New book charts the harm of ad-tech, how to fix it

John Marshall is a serial digital marketing entrepreneur and a patent holder in analytics tracking. His companies built advertising and analytics tools and delivered the first distance-learning training courses in digital marketing.

After launching and selling three successful startups, John turned his focus to the insights he’d gleaned about the nature of web advertising and consumer behavior. He’s since become a firm believer that our current relationship with the web as a free service has led to untenable compromises in service, information, and truth. However, he also believes the web can be a powerful tool that delivers quality services and information while still respecting our privacy. But only if we’re willing to be the customer. John is the group moderator for Santa Cruz Works CEO Works.


Written by John Marshall

Some of you are old enough to remember one of the founding principles of the internet, and hacker culture at large: “information wants to be free”.

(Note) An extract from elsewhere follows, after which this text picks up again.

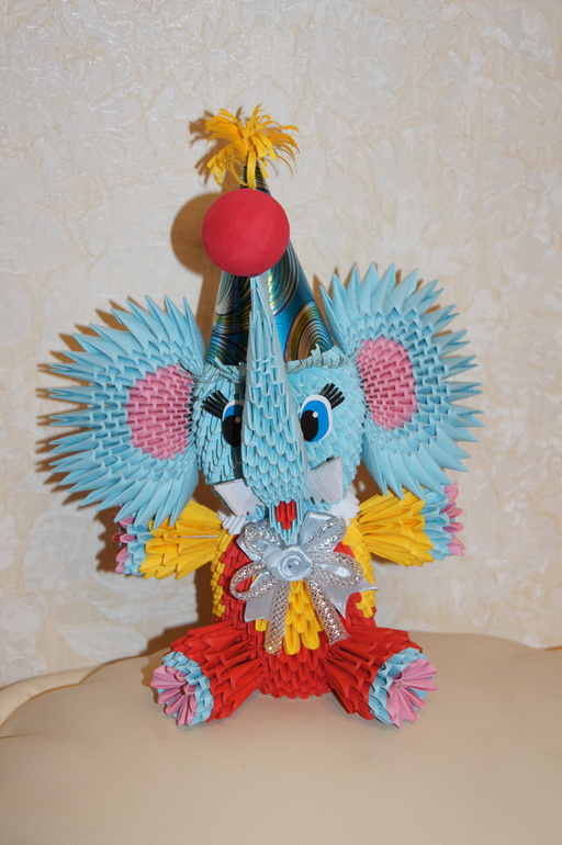 Мастер-класс здесь Спасибо за него Галине Тиховой!!! Делала все так-же, исключение лишь в ножках не по 9 модулей, а по 10 и на один ряд больше (подлиннее штанишки и рукава) и вместо цилиндра сделала колпачок(уже не успевали по времени), да и шарик приклеили свой, не из модулей. Это подарок нашему детскому садику- на 25-летие!!!
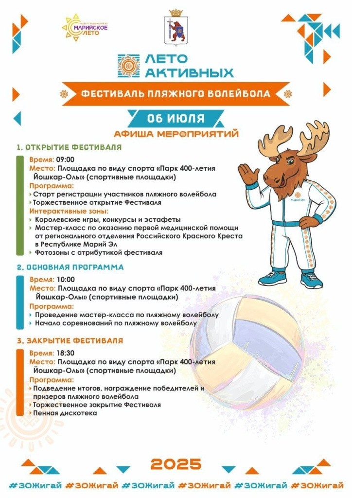 6 июля в Йошкар-Оле пройдет Фестиваль пляжного волейбола. Местом проведения станет площадка Парка 400-летия Йошкар-Олы.

We go through the day just assuming it’s true, and has always been true. Information, like email and news, and funny stuff like cat videos just appear on our smartphone screen, and we don’t spare a thought for how it got there, or more specifically, who makes it get there.

Of course the businesses creating what we enjoy do have customers, but they’re not us because we’re not paying. So those businesses have to turn us into the product and sell us to the real customers: advertisers.

Now I like funny videos as much as anyone, and I’m not that concerned about how much data these guys collect, nor even about how much money they make. There’s plenty of other people getting worked up over those problems.

My concern is the corrosion of democracy itself. Because the businesses publishing the facts we use to navigate this complex world are waking up in the morning ready to satisfy their customers by delivering what those customers want. Via some perverse economic incentives, this has led to the hyper-polarization of society that you’re familiar with. 

I built my career on software for analyzing online marketing campaigns, then on teaching online marketing, and most recently AI based ad creation (all 3 based here in Santa Cruz). With my history, I think I know something about how ad-tech is driving the economic incentives, and why businesses do what they do.

My new book, titled Free Is Bad, explores the internet technologies we rely on and how those businesses were built. The journey from the idealism of “information wants to be free” to our present mess, where we pick up our smartphone and just can’t figure out what might be evidence-based reasoning, what’s merely opinion or entertainment, or straight up clickbait.

More than presenting my opinions, I decided to use my stats background and knowledge of ad-tech to measure 87 news publishers, and whether they’re treating us as customers, or as products be chopped up and sold. The results are likely to cause a stir. Names you probably know are very clear about who their customers are and meeting their needs, no matter the harm it causes us.

There’s plenty of other books that complain about surveillance capitalism, social media addiction and fake news. Instead of adding to those arguments, the perspective I present in Free Is Bad is that it’s possible to get the good stuff technologies offer, and avoid the bad. I developed simple methods to understand what’s nutritious and what’s junk and should be avoided. I figured out how to, so I offer that practical advice to readers.

Ultimately, I’m optimistic, because the same process we make in choosing organic food can be applied to online services. We just need to know what’s good for us and the planet, and what’s harmful.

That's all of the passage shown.